Tuesday, October 25, 2005

Ripped from the Shadows


There is a reason that outing a CIA NOC is a crime. I talked about some of the implications of that in a previous post here, but Gary Hart has an eloquent take on the issue in today's HuffPo that is certainly worth a read.

Whatever your feelings about the CIA, it is a dangerous job and not one for which most Americans are lining up these days. I am well aware that there have been numerous episodes of problems, to put it very mildly, with particular agents or missions, but that does not mean that every person at the CIA is tainted as a result, any more than some of the members of the Bush Administration can be held as a taint to every single person doing public service work today.

Some members of the CIA, and other intelligence agencies do the work that helps to keep us safe: through information analysis, information gathering through a network of hard-earned assets in foreign countries or groups hostile to our safety, and by putting their lives directly on the line as deep cover agents pretending to be terrorists or criminals in order to gather the necessary information to stop a future attack on our soil or our interests before it ever happens.
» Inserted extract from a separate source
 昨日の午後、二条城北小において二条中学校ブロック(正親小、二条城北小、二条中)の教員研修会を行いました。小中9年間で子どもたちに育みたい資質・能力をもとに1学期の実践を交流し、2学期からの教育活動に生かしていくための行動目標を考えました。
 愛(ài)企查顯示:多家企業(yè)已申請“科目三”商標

Hart addresses this particular issue with a story that has an ironic twist. Unfortunately, he sources the information incorrectly to Phillip Agee as being the person who outed the agent in question -- on this occasion that wasn't correct, it was someone else. But that doesn't negate the overarching story told of the agent's outing and subsequent murder at the hands of the very people he was trying to monitor.
Richard Welch, a brilliant Harvard-educated classicist, had been stationed in Greece as CIA station chief only a few months before he was murdered, by a radical Greek terrorist organization called the 17th of November, in the doorway of his house in Athens on Dec. 23, 1975.
In this world of intrigue and shadows, there are very real consequences for actions that expose agents. Very real.

No matter how many times some apologist sits in front of the camera or hides behind the anonymity of "Administration ally" in print, it does not change the fact that taking any action which exposes any part of a covert network weakens our national defense. No matter what motive. No matter how accidental. No matter how much they may regret it now.
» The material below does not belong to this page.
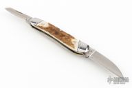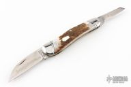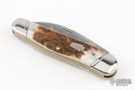 This slipjoint by Schatt and Morgan features two satin finished blades with nail nicks.  The handle features stainless steel bolsters, nickel silver liners and stag covers. Stainless steel springs. Has a few light scratches, otherwise excellent condition.  1 of 150

And those assets and agents working alongside or under the exposed agent face the same exposure if they can be traced back to each other in any way.

To have this done by someone accidentally (or even on purpose for motives that they think, however misguided, are pure ones), is bad enough. These CIA agents are human beings with families, and often with a very patriotic and difficult history of working for this country without falling into any of the darker conduct which is so rightly criticised.
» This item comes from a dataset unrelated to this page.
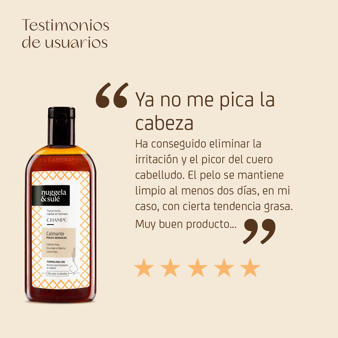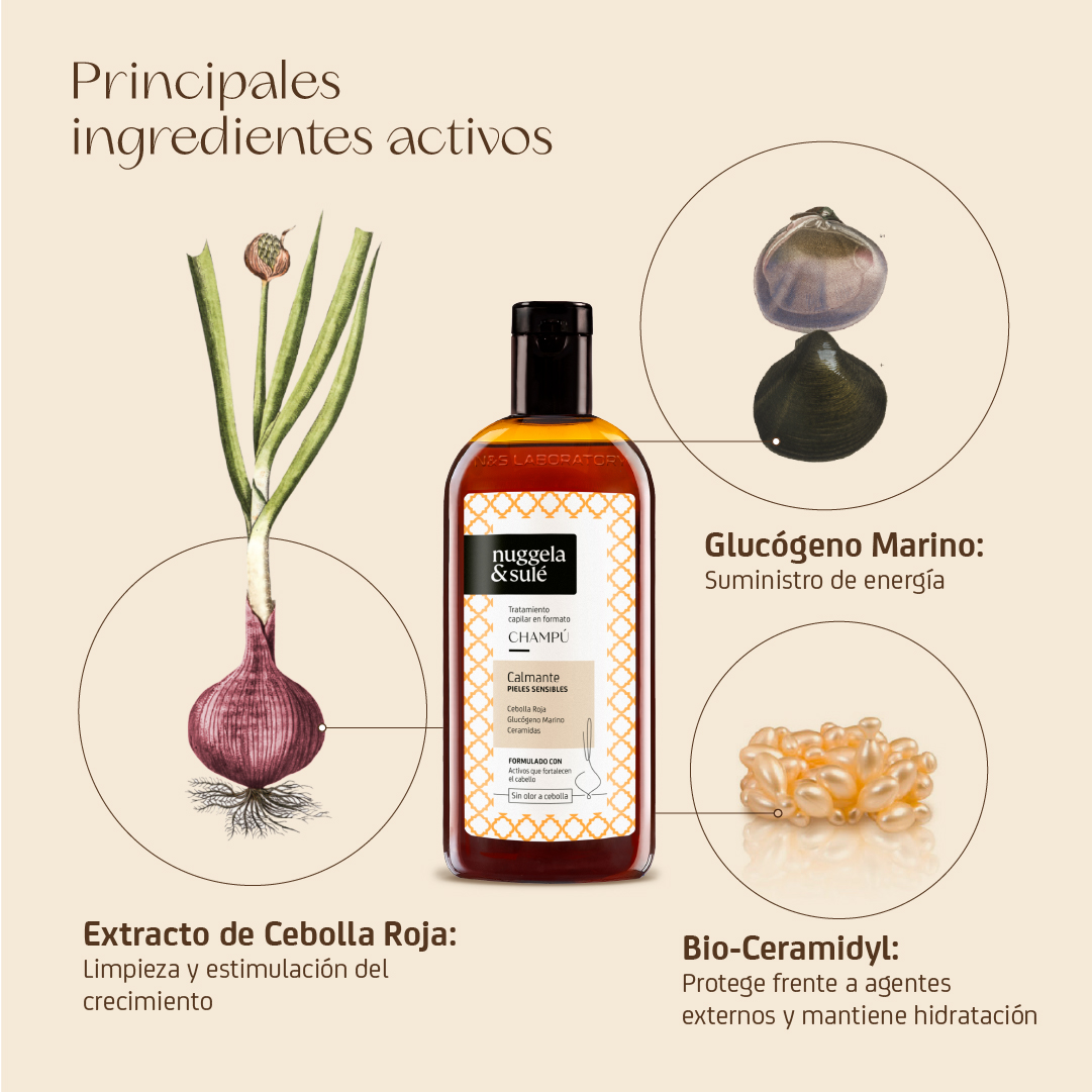 Con Extracto de Cebolla Roja, Bio-Ceramidyl y Glucógeno Marino, ingredientes activos que calman y regeneran el cuero cabelludo.

When the person who outs you is a member of your own government, and it is done for political payback purposes -- then what does that do?
The political irony of all this is that conservative elements in America have always proclaimed themselves more concerned than anyone else with national security, the sanctity of classified information, protection of sources, support for our intelligence and military services, and so on. At radical times in our past, irresponsible leftist groups thought it was their duty to try to reveal the names of CIA agents. Now, under a conservative administration, it is these conservative national security champions who are saying, with regard to the "outing" of a CIA undercover officer, "Where's the crime?"

There is further irony in the fact that now the premier intelligence agency of the United States, the CIA, is in utter disarray. Morale is desperately low. Many of the best career officers are leaving. As the source of unbiased professional intelligence, the CIA has been diminished and pushed aside by the Department of Defense. This at a time when it is critical to national security to have the best possible intelligence to protect us from terrorism....

So, there's the crime. To casually and willfully endanger the life of an undercover CIA agent is a felony. You either believe in taking the laws of the United States seriously or you do not. Citizens - even highly placed ones - do not get to pick and choose which laws they will obey and which they will not. Miller and her publisher may think she's a hero, but I don't. It is well established that there is no First Amendment protection for a journalist or anyone else to withhold evidence of a crime.
Well said. But the twist in this story? I did promise there was a twist.
There is one final irony to this story. On Christmas Eve in 1975, I got a call at my home from the director of the CIA, William Colby. He asked if I would intervene with the White House to obtain presidential approval to have Welch buried at Arlington National Cemetery, a hero fallen in service to his country. I quickly called President Ford's chief of staff on Colby's behalf and made the request. Within two hours, the president had agreed to sign the order permitting Welch to be buried at Arlington.

The chief of staff's name was Richard Cheney.